The results identify a potential biomarker for assessing colorectal cancer risk.
Among the many microbes that inhabit our gut, some strains of Escherichia coli (E. coli) produce colibactin.
Colibactin is thought to be a product of E. coli strains containing a biosynthetic gene cluster known as the pks island.
Exposure to the genotoxin colibactin has been shown to cause severe genetic damage in mammalian cells by breaking strands of DNA apart, inducing increased rates of gene mutation and tumour growth.

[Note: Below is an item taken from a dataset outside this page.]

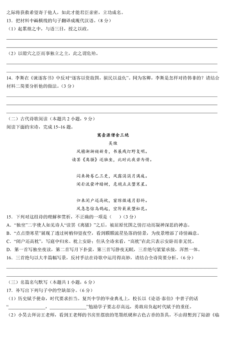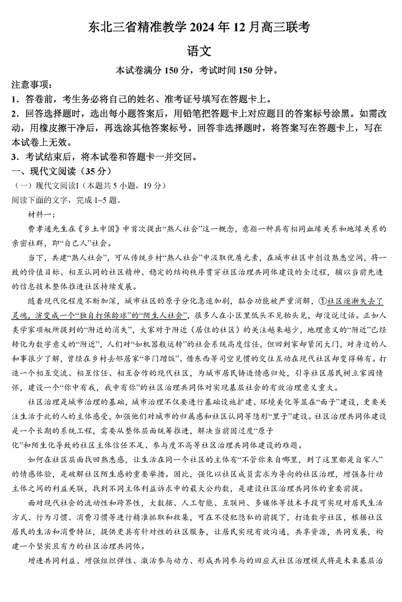 东北三省精准教学2025届高三上学期12月联考语文考试已于近日开考,为方便考生考后及时查看考试情况,查漏补缺、弥补不足,本文整理了试题答案解析相关信息!

Furthermore, previous research has demonstrated that pks E. coli is found with greater frequency in patients with colorectal conditions, including colorectal cancer.
However, despite its links to human cancer, the chemical nature of the genotoxin, its pro-carcinogenic role or how it gets into the cells it destroys has remained elusive for over a decade, according to the authors.
Due to its instability and low concentration, isolating the genotoxin has remained a challenge.
Most attempts have been limited to identifying the stable precursors of colibactin and using synthetic “colibactin mimics” in vitro.
Here, Matthew Wilson and colleagues combine chemical synthesis with a newly developed untargeted mass-spectrometry-based approach – LC-MS3 DNA adductomics – and identified two chemical products left over after colibactin-mediated DNA damage in living human cells.
According to the team, the newly discovered colibactin adducts provide the first direct evidence that alkylation via a cyclopropane “warhead” underlies the genotoxin’s DNA destruction.
Furthermore, the data suggest that the adducts are biomarkers for pks E. coli exposure and could inform colorectal cancer prognosis.
Rachel M. Bleich and Janelle C. Arthur write: “this [study]represents a significant mechanistic advance in understanding the chemical nature of colibactin and its carcinogenic activities.”